Stored data
▬▬▬

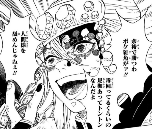 こいつらは三人共優秀な俺の〝継子〟だ。逃げねぇ根性がある。手足が千切れても喰らいつくぜ!!そして、テメェらの倒し方はすでに俺が看破した。同時に頚を斬ることだ。二人同時にな、そうだろ!!そうじゃなけりゃそれぞれに能力を分散させて、弱い妹を取り込まねぇ理由がねぇ!!ハァーッハ!!チョロいぜお前ら!!
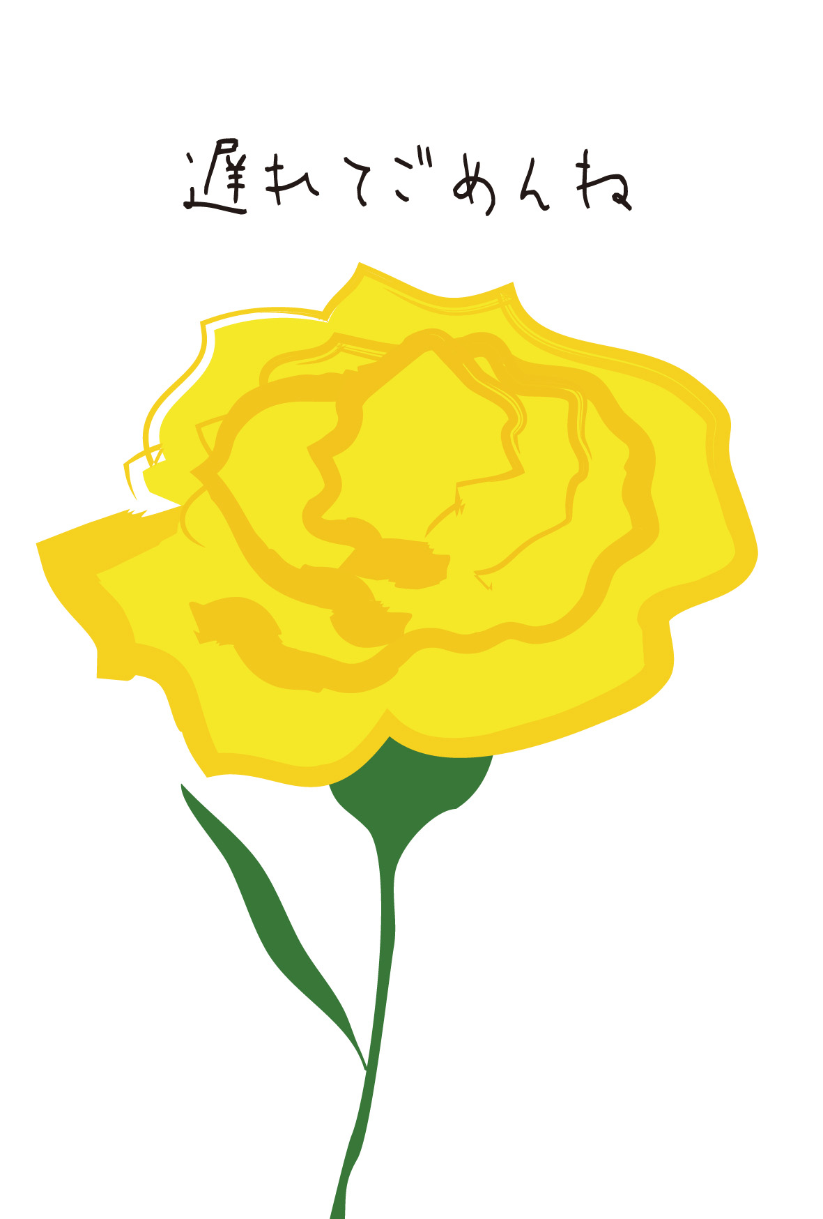 Free(多目的)はがきテンプレート「遅れてごめんね・黄色いバラ」ダウンロード
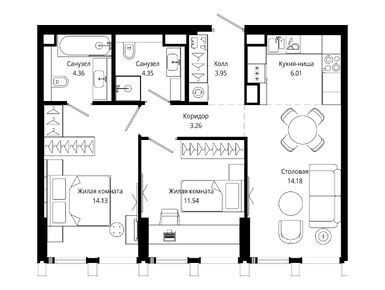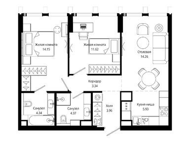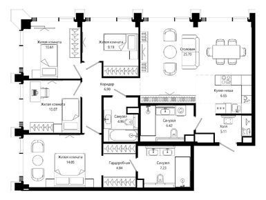 Шесть верхних этажей двух 55-этажных башен отданы под роскошные пентхаусы, где высота потолков будет доходить до 4,8 м. Жилой фонд ЖК Mod очень богат: здесь можно купить как 27-метровую студию, так и 113-метровую четырехкомнатную квартиру с прекрасно продуманной планировкой. Всего в проекте 2104 квартир и 44 апартамента, среди них варианты с панорамным остеклением от стены до стены или треугольными эркерами. Большинство лотов в ЖК «Мод» предлагается с предчистовой отделкой Mr Base, но можно купить квартиру и с отделкой MR Ready (чистовая под ключ).

▬▬▬

Leave out the pictures and give the rest of the material again, unaltered.

Answer section
 こいつらは三人共優秀な俺の〝継子〟だ。逃げねぇ根性がある。手足が千切れても喰らいつくぜ!!そして、テメェらの倒し方はすでに俺が看破した。同時に頚を斬ることだ。二人同時にな、そうだろ!!そうじゃなけりゃそれぞれに能力を分散させて、弱い妹を取り込まねぇ理由がねぇ!!ハァーッハ!!チョロいぜお前ら!!
 Free(多目的)はがきテンプレート「遅れてごめんね・黄色いバラ」ダウンロード
 Шесть верхних этажей двух 55-этажных башен отданы под роскошные пентхаусы, где высота потолков будет доходить до 4,8 м. Жилой фонд ЖК Mod очень богат: здесь можно купить как 27-метровую студию, так и 113-метровую четырехкомнатную квартиру с прекрасно продуманной планировкой. Всего в проекте 2104 квартир и 44 апартамента, среди них варианты с панорамным остеклением от стены до стены или треугольными эркерами. Большинство лотов в ЖК «Мод» предлагается с предчистовой отделкой Mr Base, но можно купить квартиру и с отделкой MR Ready (чистовая под ключ).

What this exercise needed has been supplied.